I have recently started using Nintendulator to assist in debugging my emulator, but out of nowhere it started running really fast (170fps) instead of 60fps. I cannot see what might be causing this issue. I have tried completely deleting all the files and then unzipping them again, but I run into the same issues. If I choose 1/2 speed or something similar, it behaves as you'd expect by running at half speed, but as soon as I try and return to normal speed, it jumps back up to 170fps.
I am using the latest stable version of Nintendulator 0.970.
Any help would be appreciated.
It does that if you disable sound.
Did you disable sound perhaps? (Ctrl+s)
Nintendulator moves way too fast on my computer when I do this.
edit: ninja'd
thefox wrote:
It does that if you disable sound.
Wow. Thanks. Who would have known?!
Is there any reasoning for this?
I actually once sent Quietust email about this and he said it was "by design"... it's still pretty stupid and makes the whole option of disabling sound almost useless. Fortunately Windows Vista and Windows 7 has separate audio volume controls for each application.
Timers on a PC tend to be inaccurate, achieving exact timing is hard.

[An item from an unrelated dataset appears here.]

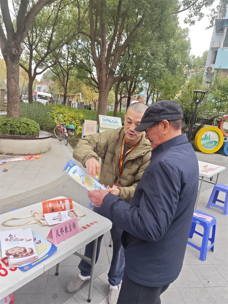 2025 年 11 月 27 日 ,沪东新村街道在博兴园广场开展反邪教宣传活动。社工结合真实案例,用通俗易懂、生动形象的语言,向居民详细揭露邪教组织的本质特征与严重危害,分享邪教引发的血泪教训,耐心解答大家的疑问。同时,社工还向居民发放反邪教宣传手册,帮助大家将抽象的防范概念转化为具体的认知与实用知识。

However, a sound card is usually the most accurate timer available. This is because your ears notice differences more than your eyes. If it drifted as much as other timers things would sound too fast or too slow.
Rendering a frame of sound and playing it back is an easy way to achieve accurate timing and avoid choppy sound.
Disabling sound playback would mean the program finishes playing sounds immediately. It would render the next frame immediately, instead of waiting.
I have no idea if this is the case here, but that would be my guess.
Hamburgler wrote:
Disabling sound playback would mean the program finishes playing sounds immediately. It would render the next frame immediately, instead of waiting.
Then why can't it switch to waiting for PC vertical blank, doing some sort of Bresenham state machine to compensate for (say) a 75 Hz PC emulating a 50 Hz NES, instead of waiting for the empty audio buffer?
Because everyone uses different refresh rates?
EDIT: You modified your post to include the bresenham idea. It could work I guess.
Because implementing a separate timing system just so you could disable audio wasn't worth the work? It'd be simpler to just send silence to the sound card than implement that.
The biggest reason to use audio for timing is that if you use video for timing, then audio will have buffer over/underruns. You can only have one master timebase.
Hamburgler wrote:
However, a sound card is usually the most accurate timer available.
Hardly. Multiple clock timers exist on x86 architecture, and all have variance in their accuracy. ACPI, HPET, i8254, and TSC are four common ones which I can name, in order of preference/accurancy. HPET should be more than sufficient under Windows.
How do you interface with these under Windows? I've no idea, but I'm absolutely certain there's Win32 calls for setting up such.